We also get an equation for the cumulative distribution function ${C(t) = P[S\le t]}$ . Indeed,

$P[S\le t] = P[(S+1)U \le t] = P[S \le t/U-1]$

The latter probability is ${\int_0^1 P[S\le t/u-1]\,du = \int_0^1 C(t/u-1)\,du}$ . Conclusion: ${C(t) = \int_0^1 C(t/u-1)\,du}$ . Differentiate to get an equation for the probability density function ${p(t)}$ , namely ${p(t) = \int_0^1 p(t/u-1)\,du/u}$ . It’s convenient to change the variable of integration to ${v = t/u-1}$ , which leads to

$p(t) = \int_{t-1}^\infty p(v)\,\frac{dv}{v+1}$

Another differentiation turns the integral equation into a delay differential equation,

$p'(t) = - \frac{p(t-1)}{t}$

Looks pretty simple, doesn’t it? Since the density is zero for negative arguments, it is constant on ${[0,1]}$ . This constant, which I’ll denote ${\gamma}$ , is ${\int_{0}^\infty p(v)\,\frac{dv}{v+1}}$ , or simply ${E[1/(S+1)]}$ . I couldn’t get an analytic formula for ${\gamma}$ . My attempt was ${E[1/(S+1)] = \sum_{n=0}^\infty (-1)^n M_n}$ where ${M_n=E[S^n]}$ are the moments of ${S}$ . The moments can be computed recursively using ${E[S^n] = E[(S+1)^n]E[U^n]}$ , which yields

$M_n=\frac{1}{n} \sum_{k=0}^{n-1} \binom{n}{k}M_k$

The first few moments, starting with ${M_0}$ , are 1, 1, 3/2, 17/6, 19/3, 81/5, 8351/80… Unfortunately the series ${\sum_{n=0}^\infty (-1)^n M_n}$ diverges, so this approach seems doomed. Numerically ${\gamma \approx 0.5614}$ which is not far from the Euler-Mascheroni constant, hence the choice of notation.

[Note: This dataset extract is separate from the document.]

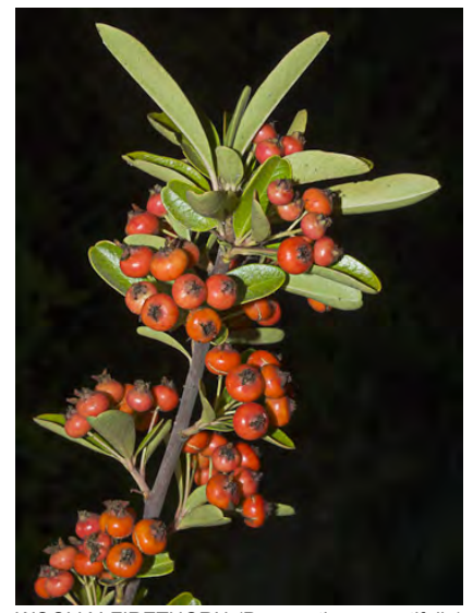
WOOLLY FIRETHORN (Pyracantha angustifolia) Naturalized Perennial - Rose Family - (Feb–Jun) - Disturbed areas, fencerows, abandoned fields, roadsides - Plant < 13', gray-hairy. Leaves narrow, entire. Calyx and below leaves often woolly. INVASIVE.

On the interval (1,2) we have ${p'(t) = -\gamma/t}$ , hence

${p(t) = \gamma(1-\log t)}$ for ${1 \le t \le 2}$ .

The DDE gets harder to integrate after that… on the interval ${[2,3]}$ the solution already involves the dilogarithm (Spence’s function):

$p(t) = \gamma(1+\pi^2/12 - \log t + \log(t-1)\log t + \mathrm{Spence}\,(t))$

following SciPy’s convention for Spence. This is as far as I went… but here is an experimental confirmation of the formulas obtained so far (link to full size image).

match03 — Histogram of 10 million samples and the pdf (red) plotted on [0,3]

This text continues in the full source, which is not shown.